-- Excerpted records follows --
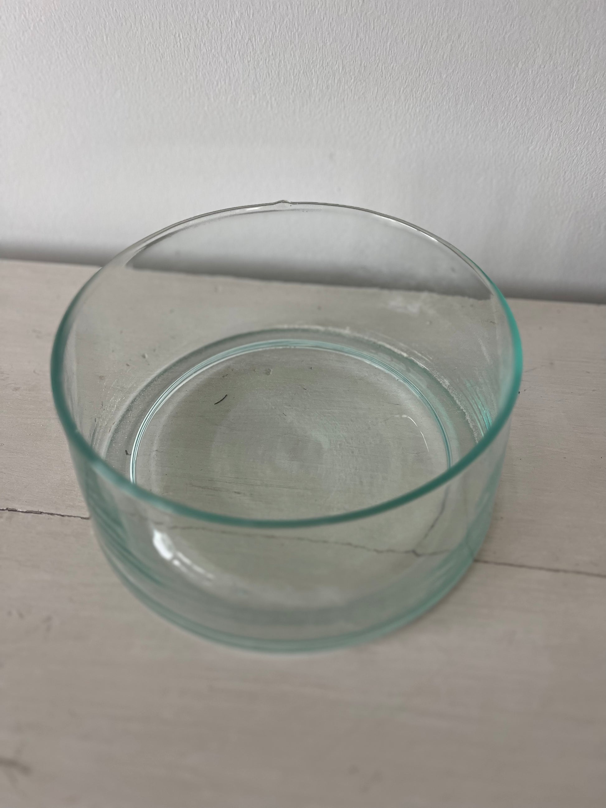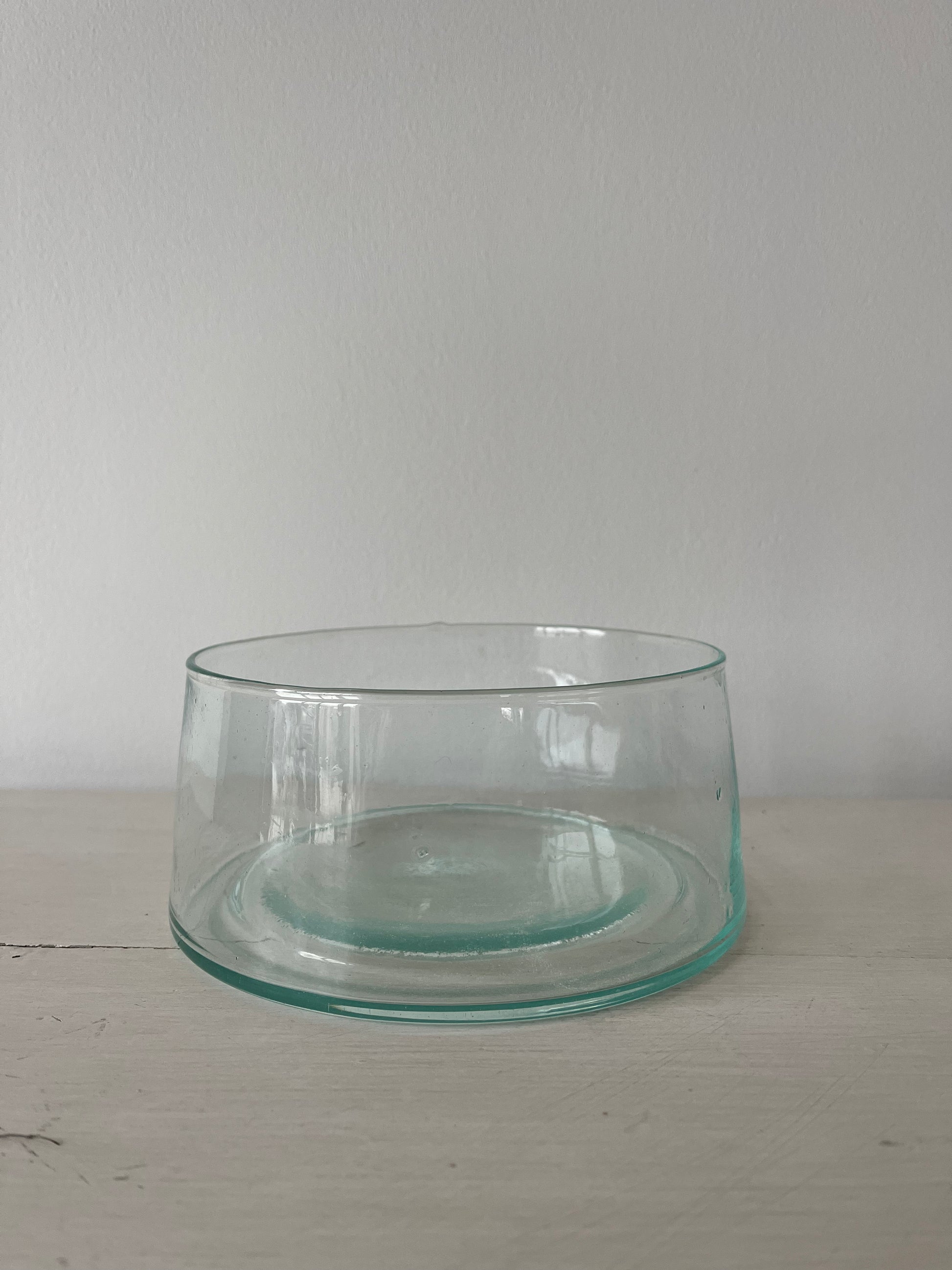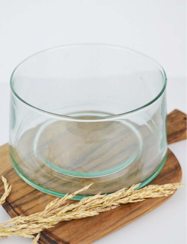 Plat creux en verre soufflé à la bouche à partir de verre naturel ou recyclé.
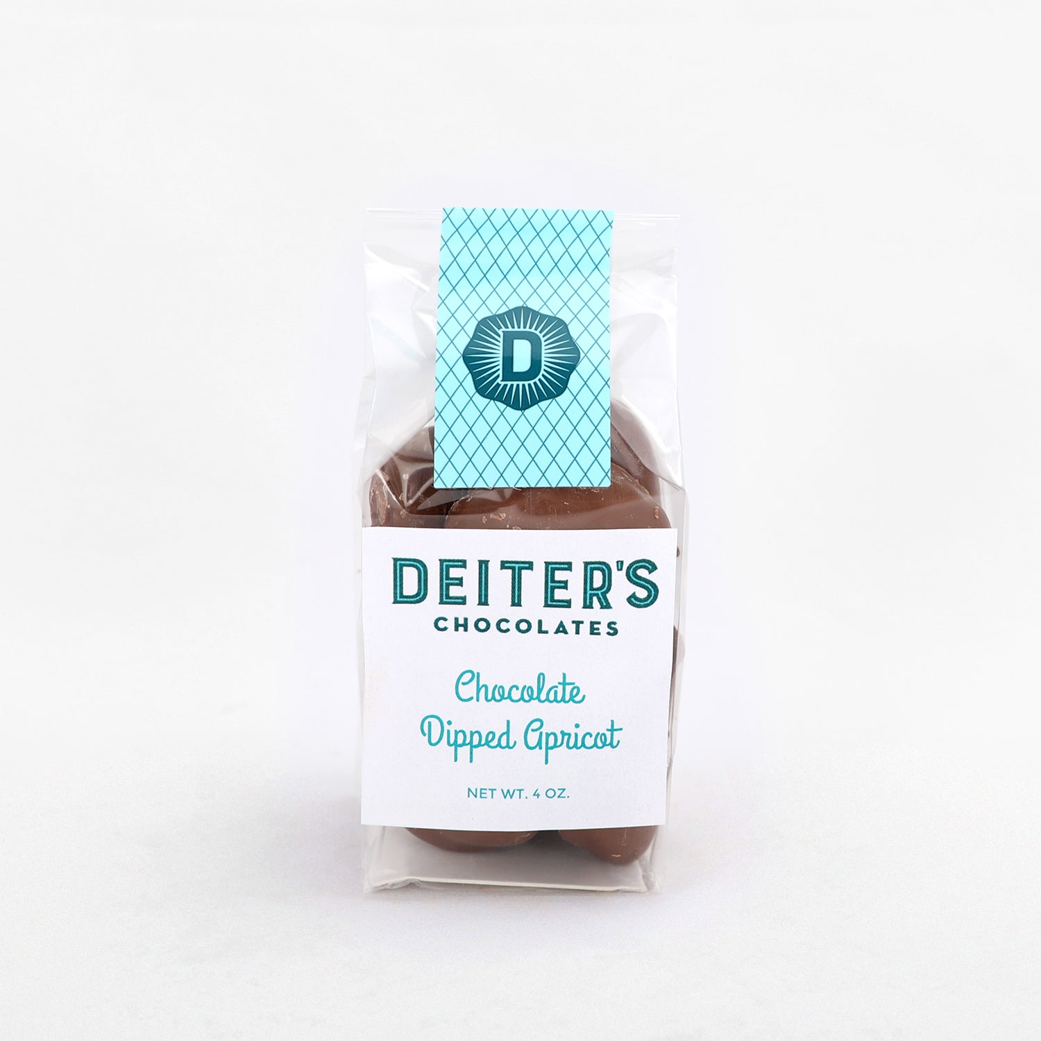 Our dried apricots are a little chewy, sweet and fruity to start, then made amazing with a coating of gourmet chocolate. 4 oz. bag available in milk or dark chocolate.
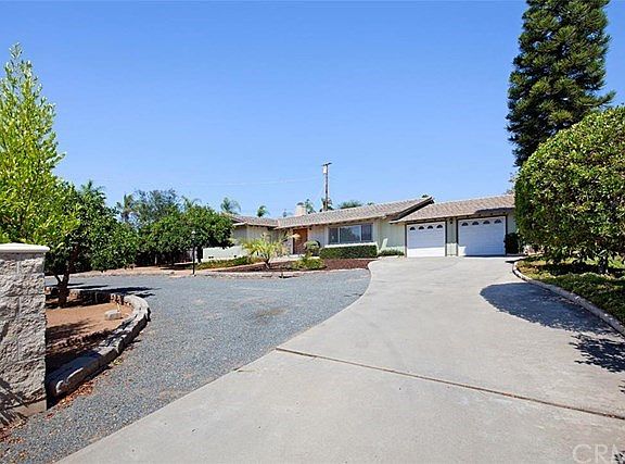 Town & country living at its best in this upgraded/remodeled SINGLE LEVEL home on over 1/3 acre. Lacquered kitchen cabinets, granite counter tops, newer tile flooring & carpet. Both bathrooms are completely remodeled with slate title. All New double paned UV tinted windows and slider patio door throughout the entire house. Circular driveway, fenced rear yard with dog run, large covered patio and various family fruit. Easy commute access to freeways & close to downtown amenities, yet still far enough away for that country vibe. Turn-key ready. Lots of special features: Hand troweled walls & ceilings, granite tile kitchen counters, lacquered kitchen cabinets, 18" large ceramic floor tiles, wet bar in family room, 1 year old water heater, both baths are granite counter tops, with slate floors. New 13 panel Solar system in 2023.along with a New 50 year Owens Corning roofing and all New double paned windows throughout the house and garage. 2 car garage is extra sized with a large workshop area with both 120V and 220V available. Circular driveway and drought tolerate landscaping. Planted along property perimeter are sweet limes and oranges. Side of house, gated RV & boat parking.
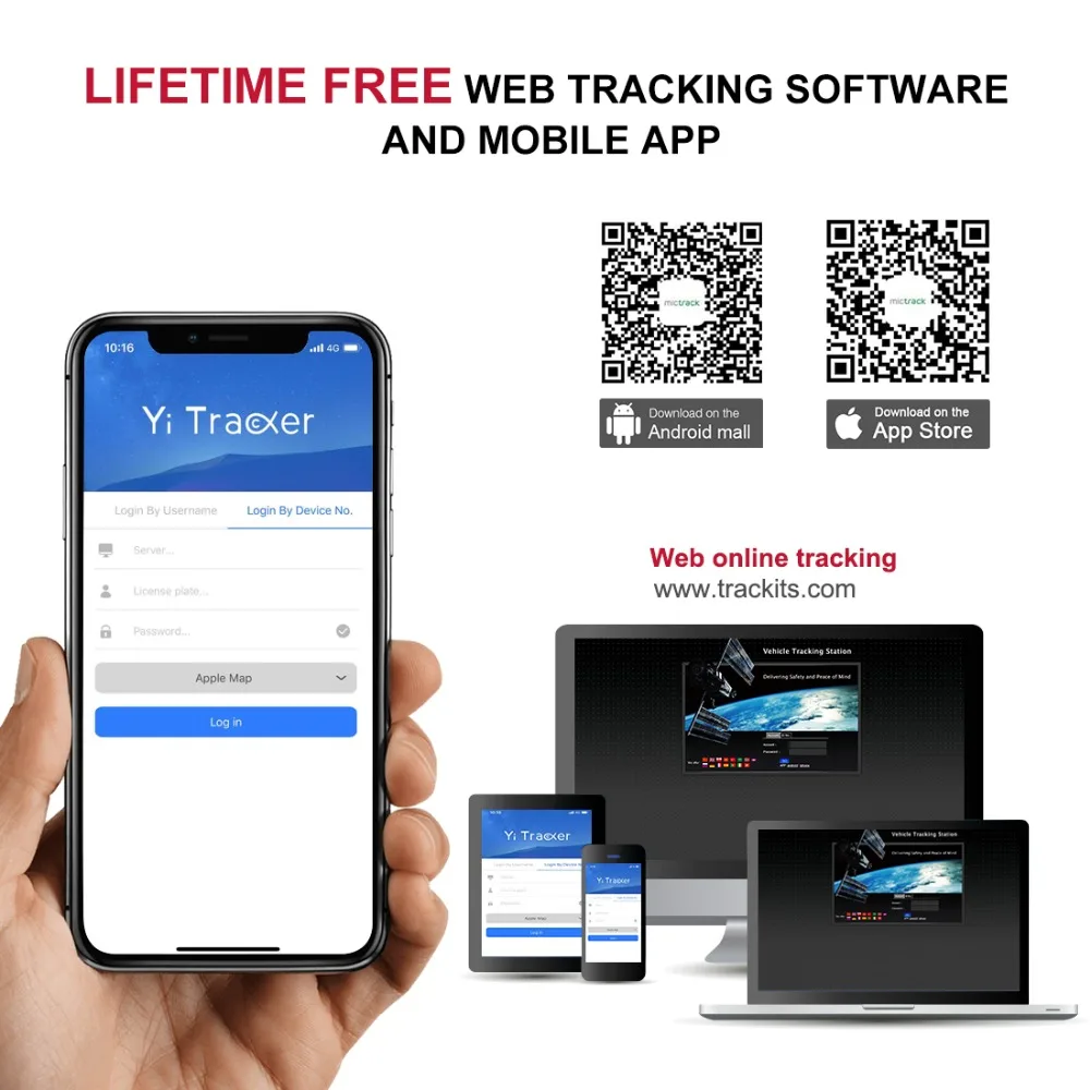 Найдите «Yi Tracker» в Google Play или iOS Store (или отсканируйте следующий qr-код) для загрузки мобильного приложения (не Yi tracker2) Выберите «Логин по номеру устройства; Входной сервер www.trackits.com Введите ID и пароль вашего устройства (по умолчанию 123456) для входа в систему.
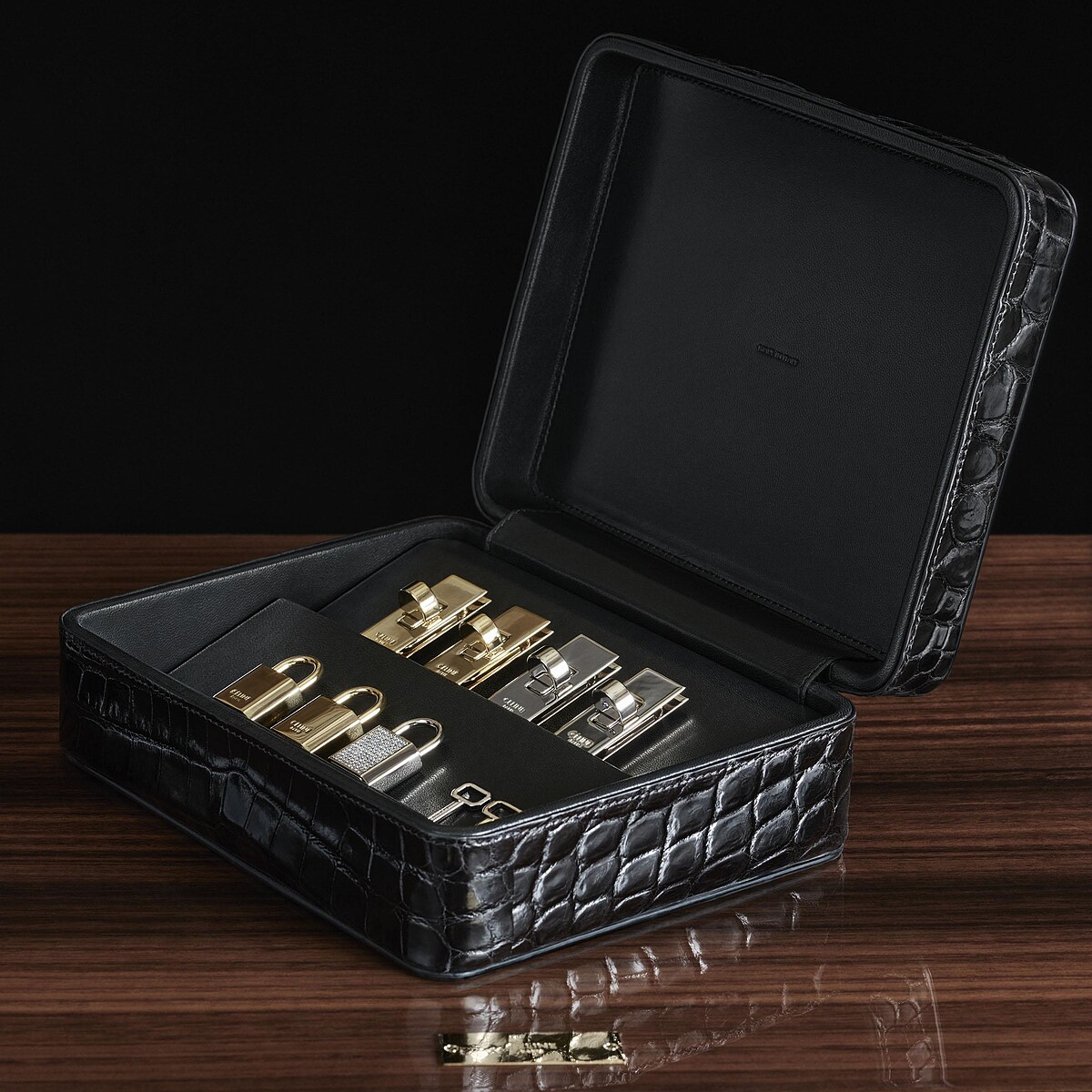 除了兩大經典包款外,CELINE還推出La Bijouterie小配件珠寶箱,精心挑選18 克拉白金或黃金的材質,打造手袋上的細緻小配件,包括開合旋釦、鎖頭、鑰匙等,還可以在Triomphe鎖釦上鑲嵌鑽石,裝著細緻小配件的珠寶箱,都用以和包款相同的皮革包覆,強調CELINE Maroquinerie高級訂製系列的完整性。
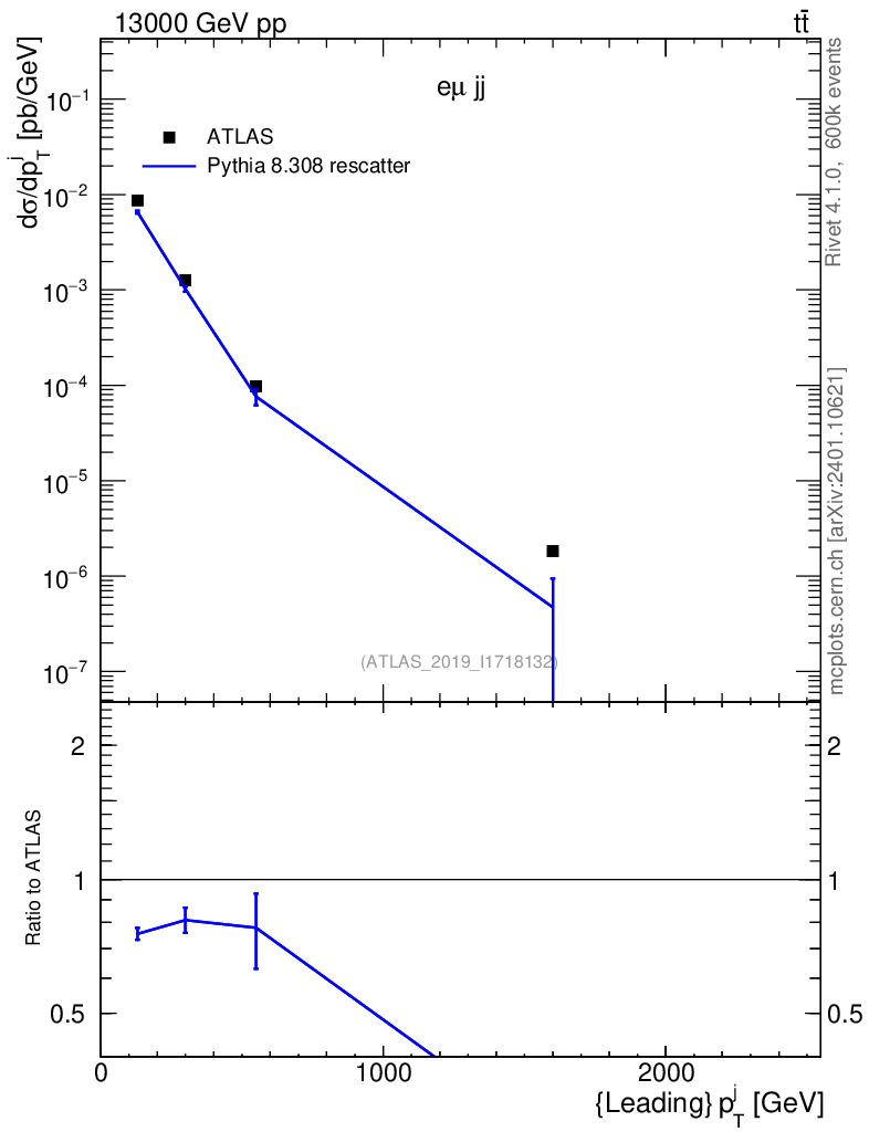 Lines: data, pythia8 8.308 rescatter |
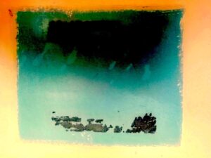 Sans titre, huile sur papier, 2024, collection particulière, Allemagne. Publiée en dialogue avec des poèmes d’Eva-Maria Berg. Version bilingue allemand et français (traduction par Eva-Maria Berg et Max Alhau). Revue Francopolis, hiver 2024.
-- Excerpted records concluded --
Write out a verbatim copy of the lines from the line that contains "Lines: data, pythia8 8.308 rescatter |" through the end of the entries above; pictures are not copied.

 Lines: data, pythia8 8.308 rescatter |
 Sans titre, huile sur papier, 2024, collection particulière, Allemagne. Publiée en dialogue avec des poèmes d’Eva-Maria Berg. Version bilingue allemand et français (traduction par Eva-Maria Berg et Max Alhau). Revue Francopolis, hiver 2024.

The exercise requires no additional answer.